The present work aimed to isolate cardanol from (tCNSL) and produce core-shell polysaccharide NPs by using polyelectrolyte complexation. The NPs were subjected to physicochemical characterization, and morphology, antioxidant activity, and total phenol content were observed. NPs of the CHI complex with ALG or AG were produced, with significant advantages regarding drug stability. This enabled protection of the active ingredient and its prolonged release.

2. Materials and Methods

2.1. Materials

The chitosan (CHI) polymer we used in the present work originates from crabs and was obtained, purified, and characterized as described in Abreu et al. (2013), with a viscosimetric molar mass (Mz) of 4.126 × 105 g mol−1 and a deacetylation degree of 77% [17]. Sodium alginate (ALG, Sigma-Aldrich, St. Louis, MO, USA) and Arabic gum (AG, Dinâmica, SP, Brasil) sodium tripolyphosphate (TPP), and Tween® 80 (Dinâmica Química Contemporânea, Jardim da Glória, São Paulo, SP, Brasil) were also used. Cardanol was isolated and purified according to a methodology with adaptations [18], monitored by thin-layer chromatography (TLC), and analyzed by HPLC (high-performance liquid chromatography).

2.2. Nanoparticles Synthesis

The NPs were synthesized according to the following methodology [15]. Initially, the cross-linking stage with subsequent formation of the polyelectrolyte complex was prepared. A solution containing 50 mL of 1% CHI and 100 µL of Tween® 80 were mixed under mechanical stirring. Subsequently, cardanol was added in a 10:1:1 volumetric ratio to the solution and submitted to the ultrasonic bath (Ultra 800, Ciencor Scientific Ltda, São Paulo, Brazil) for 15 min. Then, 2 mL of the TPP solution were added in a drip at concentrations of 0.1 and 0.01 mol L−1, to form a kind of pre-core for the NPs and the solution was dispersed under magnetic stirring for 30 min. After that, 1 mL of the ALG solution was added dropwise to the solution and mixed for another 30 min, coating the inner core with ALG chains, forming CHI/TPP/ALG NPs. It was also prepared CHI/TPP/AG NPs, where it was used arabic gum as an external coating instead of ALG. Finally, all prepared NPs were centrifuged at 10,000 RPM (Novatécnica NT 810) and dried by lyophilization (L101, Liobras®, Carlos, Brazil).

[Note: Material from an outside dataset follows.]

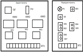 - сигнальна лампа; КК1, КК2, КК3 - теплові реле; XT1, XT2
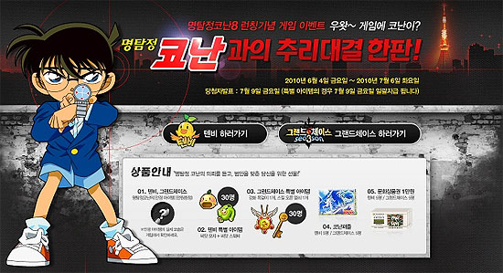 ... 투니랜드에서 서비스 중인 게임 '텐비(서비스:네오위즈게임즈/개발:시메트릭스페이스)와 ‘그랜드체이스' (서비스:CJ인터넷/개발:KOG)에 명탐정 코난의 미션(퀘스트)을 삽입해, 유저들로 하여금 온라인 게임 속에서 인기 애니메이션의 주인공을 만나는 기회를 제공한다고. 특히, &l

2.3. Characterization of Cardanol-Loaded NPs

Physicochemical characterization was performed for NPs loaded with optimal cardanol formulations regarding yield and encapsulation efficiency, chosen through ANOVA statistical analysis in a previous study [19]. The cardanol-loaded NPs were characterized by FT-IR on a Shimadzu FTIR 8300 device (Shimadzu, Kyoto, Japan) in the 4000 to 400 cm−1 range.
The morphology and aggregation profile of the NPs were evaluated by scanning electron microscopy (SEM). The samples were fixed on metal supports, covered with carbon tape, and coated with gold for electrical conductivity generation by means of a metallizer Quorum Metallizer QT150ES (Quorum Technologies Ltd., East Sussex, UK). A 20 nm layer of material was formed. Micrographs were obtained on a scanning electron microscope Quanta FEG 450 Electron Microscope, FEI Environmental (Eindhoven, The Netherlands) with an accelerating voltage of up to 20 kV.
The size distribution and surface measurement of zeta potential-charged NPs were determined by DLS (dynamic light scattering) by means of a Nano Zeta Sizer Malvern 3600 (Malvern Instruments Ltd., Malvern, UK). Aliquots of the 1 mL sample were taken and diluted in 1:100 v/v deionized water. The analyses were performed under neutral pH conditions at room temperature. Thermogravimetric analysis (TGA) was performed on a TGA/SDTA 851 (METTLER TO-LEDO, Columbus, OH, USA), with ultrapure nitrogen as purge gas at a heating rate of 10 °C min−1 with a flow rate of 20 mL/min in an aluminum pan.

2.4. In Vitro Release

In vitro drug-release kinetics in NPs was monitored by UV-visible spectrophotometry. A total of 80 mg of cardanol-containing NPs (QUI/TPS/ALG) were added to an analytical filter paper and immersed in 100 mL of phosphate buffer solution at pH 7.0. The release system was kept under magnetic stirring and at a constant temperature of 25 °C. Aliquots of 2.0 mL were withdrawn from the system at determined time intervals and subsequently filtered. Absorbance measurements were performed for all aliquots in a spectrophotometer (Thermo Scientific—Genesys 102S, Waltham, MA, USA) to obtain the total concentration of the released drug.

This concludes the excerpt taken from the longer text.